“'Gayr-ı meşru bir muhabbetin neticesi, merhametsiz azap çekmektir.' kaidesi sırrınca, siz, fıtratınızdaki Cenâb-ı Hakkın zât ve sıfât ve esmâsına sarf edilecek muhabbet ve marifet istidadını ve şükür ve ibâdât cihâzâtını nefsinize ve dünyaya gayr-ı meşru bir surette sarf ettiğinizden, bil’istihkak cezasını çekiyorsunuz.
Çünkü Cenâb-ı Hakka ait muhabbeti nefsinize verdiniz; mahbubunuz olan nefsinizin hadsiz belâsını çekiyorsunuz. Çünkü hakikî bir rahatı, o mahbubunuza vermiyorsunuz. Hem onu, hakikî mahbub olan Kadîr-i Mutlaka tevekkül ile teslim etmiyorsunuz, daima elem çekiyorsunuz.

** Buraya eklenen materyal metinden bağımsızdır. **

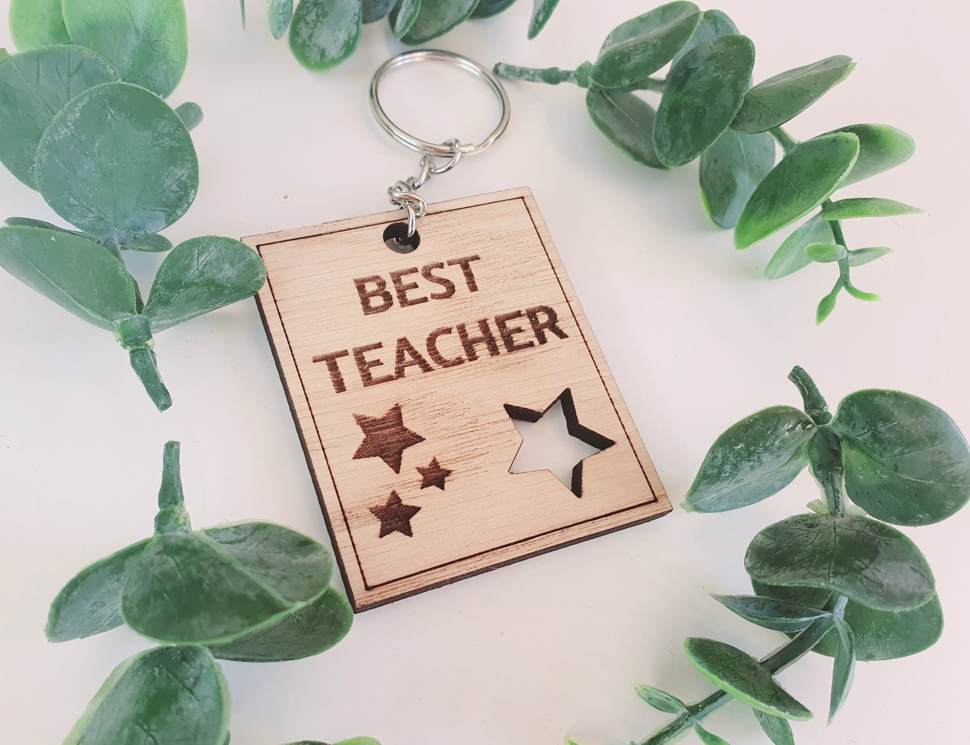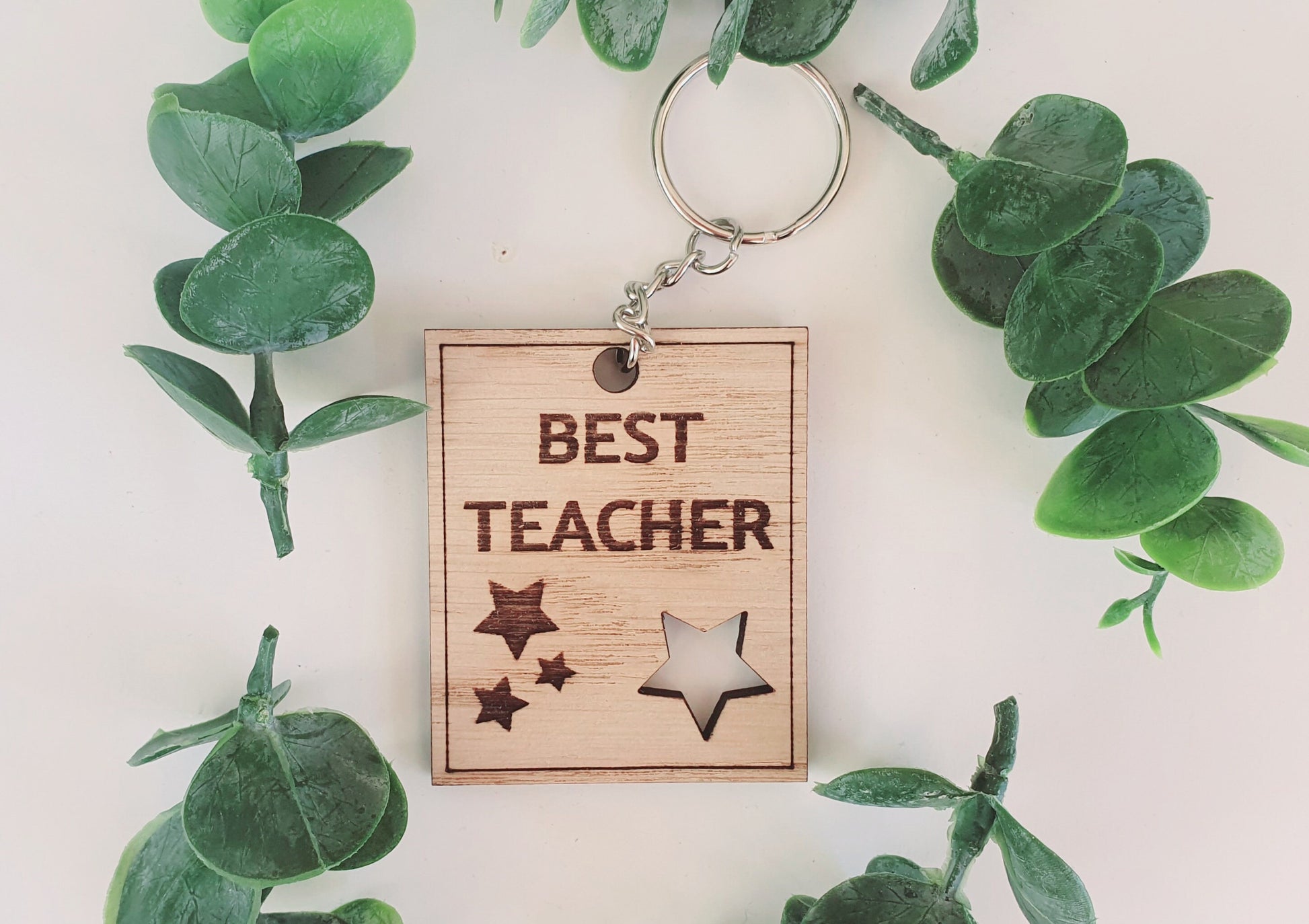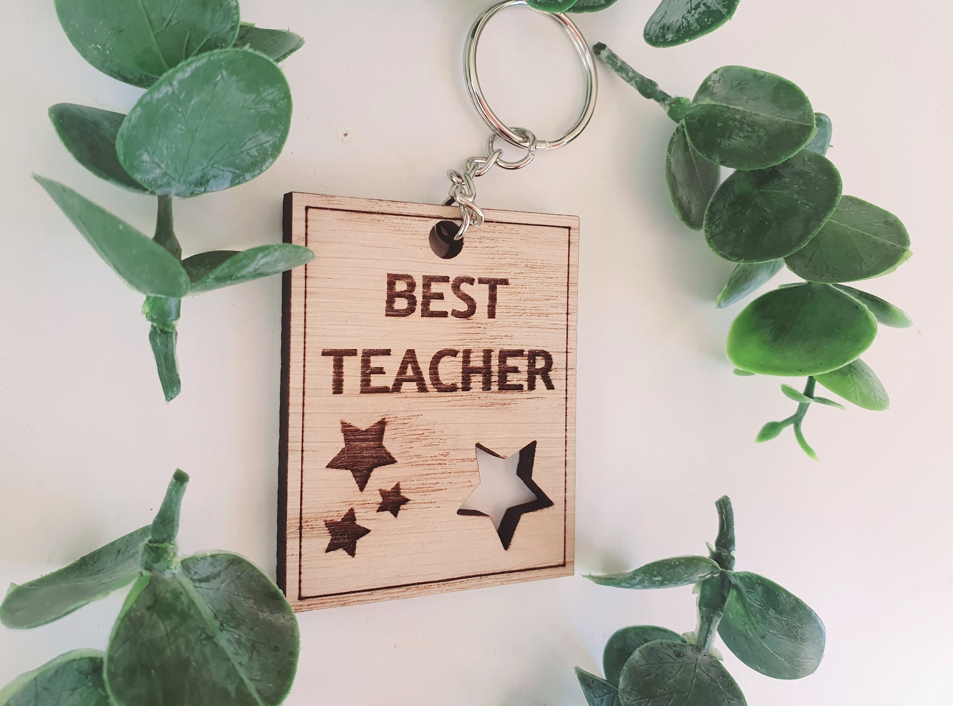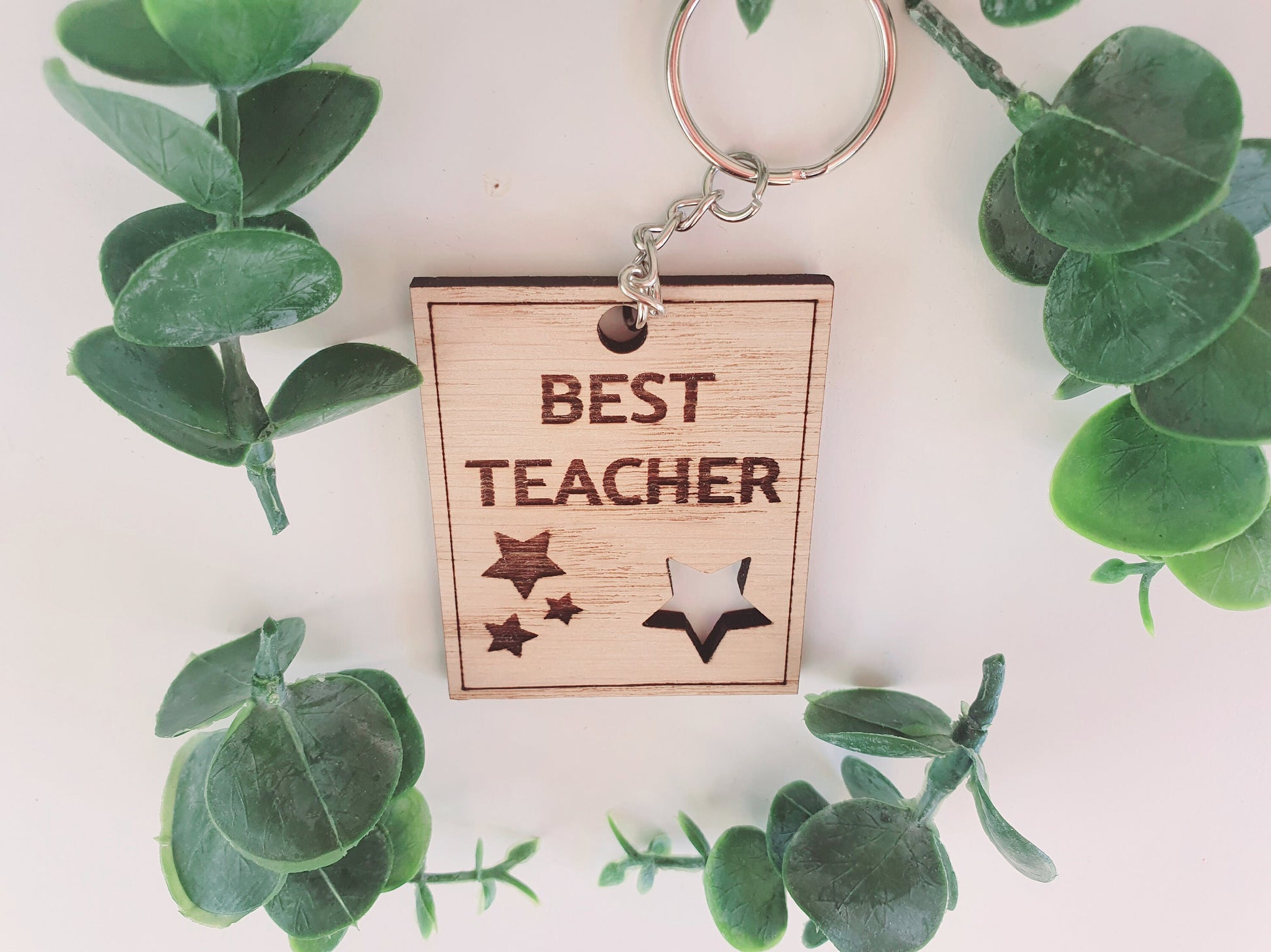 Best Teacher Wooden Keyring l End of Term Gift for Teacher l Nursery Teacher Gift l Childminder Gift - Small Gift for School Teacher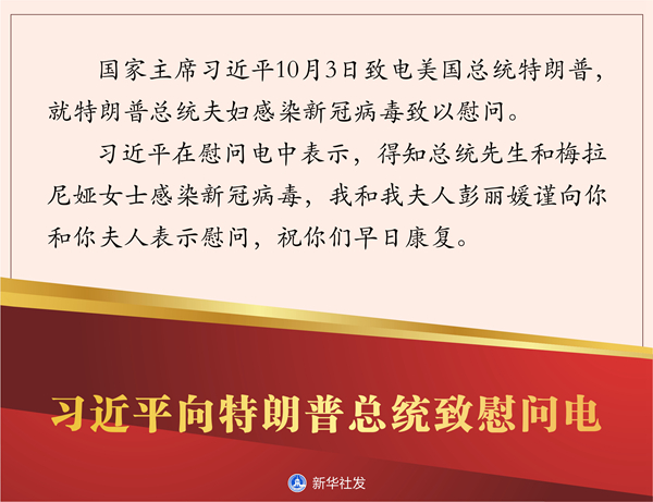 習(xí)近平在慰問電中表示,得知總統(tǒng)先生和梅拉尼婭女士感染新冠病毒,我和我夫人彭麗媛謹(jǐn)向你和你夫人表示慰問,祝你們早日康復(fù)。

Hem Cenâb-ı Hakkın esmâ ve sıfâtına ait muhabbeti dünyaya verdiniz ve âsâr-ı san’atını, âlemin esbabına taksim ettiniz; belâsını çekiyorsunuz. Çünkü, o hadsiz mahbuplarınızın bir kısmı size Allaha ısmarladık demeyip, size arkasını çevirip, bırakıp gidiyor."
Allah önce can sağlığı versin kardeşim aşk acısı da neymiş?
Takma kafana fazla herşeyin ilacı zaman şunu düşün o aşk acısı çektiğin kişinin umurunda bile değilsin değmez yani.
Başına başka, büyük bir musibet gelen kişi o acıyı anında unutur, bir saçmalıktan ibaret olduğunu derinlemesine anlar. Başındaki musibet geçsin de isterse hayatının sonuna kadar tek başına yaşasın diye düşünmeye başlar.